Problem to solve —
Although the entries contain pictures, only their text goes into the copy, set down exactly.

[Source records]
+ + + + +

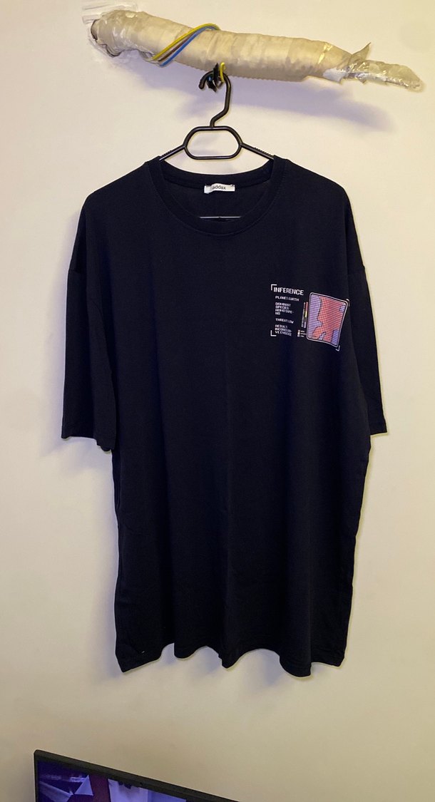 Kısa kollu, yuvarlak yakalı lacivert tişört, göğüs kısmında ve sırt kısmında baskılı detay bulunur. Rahat kesim ve yumuşak kumaştan üretilmiştir. Hiç giymedim.
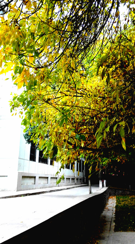 一片片灿烂枯黄的叶子,依恋的摇曳在枝头,如一只只将要翩翩起舞的蝴蝶,在傍晚辽远的长空中划出优美的弧线,映衬着深秋独有的天高气爽。西师校园,伴着树下书页的悄声言语,秋的气息愈发浓厚。
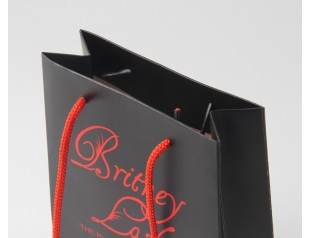 駿業紙袋印刷廠定制的手提紙袋,采用250g銅版紙,雙色印刷過啞膠,提手處用紅色尼龍圓繩。紙袋印刷廠設計的此款手提紙袋選用了經典的黑色和紅色搭配,紙袋整體用黑色作為主色,商標紅色印刷。手提紙袋紅與黑的搭配自然地散發出氣場.紅色的艷麗熱烈,配上黑色的深沉穩重,相互中和,高檔大氣
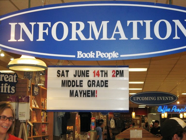 Wow! This weekend's highlight was Middle Grade Mayhem, a joint launch event featuring authors Varian Johnson (The Great Greene Heist (Arthur A. Levine Books)), Greg Leitich Smith (Little Green Men at the Mercury Inn (Roaring Brook)), and Jennifer ("Jenny") Ziegler (Revenge of the Flower Girls (Scholastic)) at BookPeople in Austin!
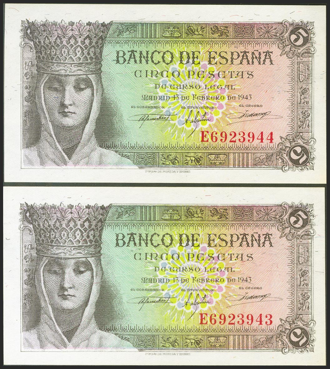1 Peseta. 13 de Febrero de 1943. Pareja correlativa. Serie E. (Edifil 2021: 446a). Conserva todo su apresto original. SC-.
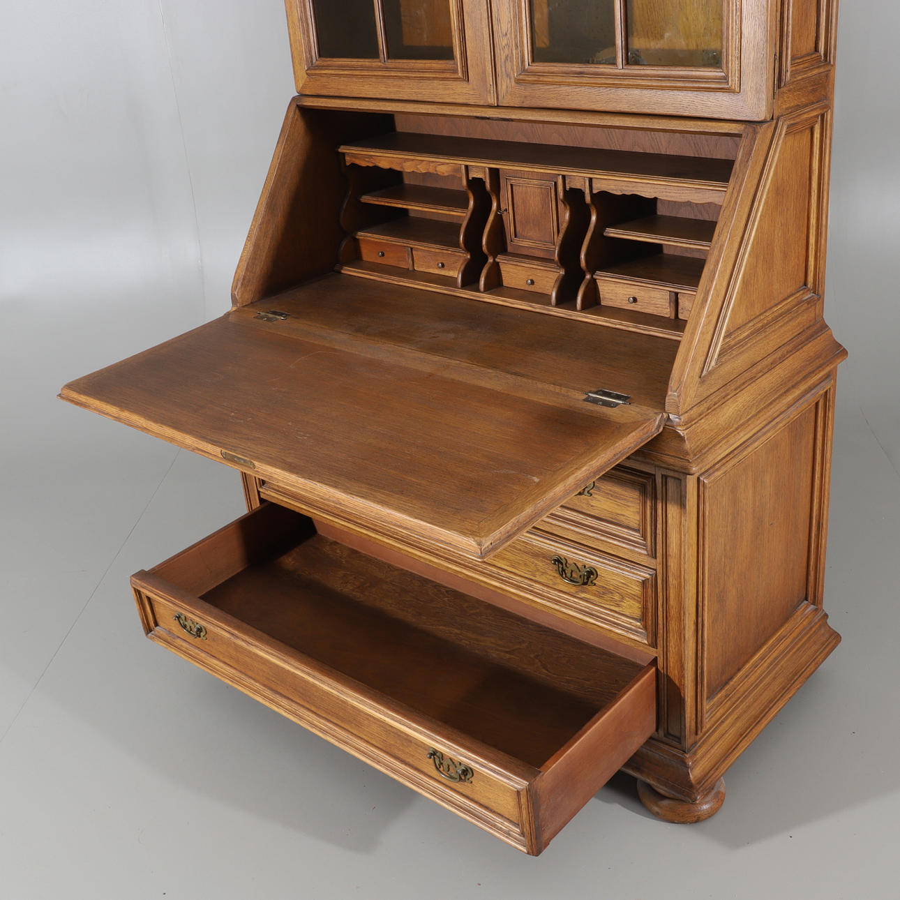 SEKRETÄR MIT DISPLAYPLATTE, Eiche, Schlossmöbel, 2. Hälfte 20. Jahrhundert.

+ + + + +

Result of this task —
 Kısa kollu, yuvarlak yakalı lacivert tişört, göğüs kısmında ve sırt kısmında baskılı detay bulunur. Rahat kesim ve yumuşak kumaştan üretilmiştir. Hiç giymedim.
 一片片灿烂枯黄的叶子,依恋的摇曳在枝头,如一只只将要翩翩起舞的蝴蝶,在傍晚辽远的长空中划出优美的弧线,映衬着深秋独有的天高气爽。西师校园,伴着树下书页的悄声言语,秋的气息愈发浓厚。
 駿業紙袋印刷廠定制的手提紙袋,采用250g銅版紙,雙色印刷過啞膠,提手處用紅色尼龍圓繩。紙袋印刷廠設計的此款手提紙袋選用了經典的黑色和紅色搭配,紙袋整體用黑色作為主色,商標紅色印刷。手提紙袋紅與黑的搭配自然地散發出氣場.紅色的艷麗熱烈,配上黑色的深沉穩重,相互中和,高檔大氣
 Wow! This weekend's highlight was Middle Grade Mayhem, a joint launch event featuring authors Varian Johnson (The Great Greene Heist (Arthur A. Levine Books)), Greg Leitich Smith (Little Green Men at the Mercury Inn (Roaring Brook)), and Jennifer ("Jenny") Ziegler (Revenge of the Flower Girls (Scholastic)) at BookPeople in Austin!
1 Peseta. 13 de Febrero de 1943. Pareja correlativa. Serie E. (Edifil 2021: 446a). Conserva todo su apresto original. SC-.
 SEKRETÄR MIT DISPLAYPLATTE, Eiche, Schlossmöbel, 2. Hälfte 20. Jahrhundert.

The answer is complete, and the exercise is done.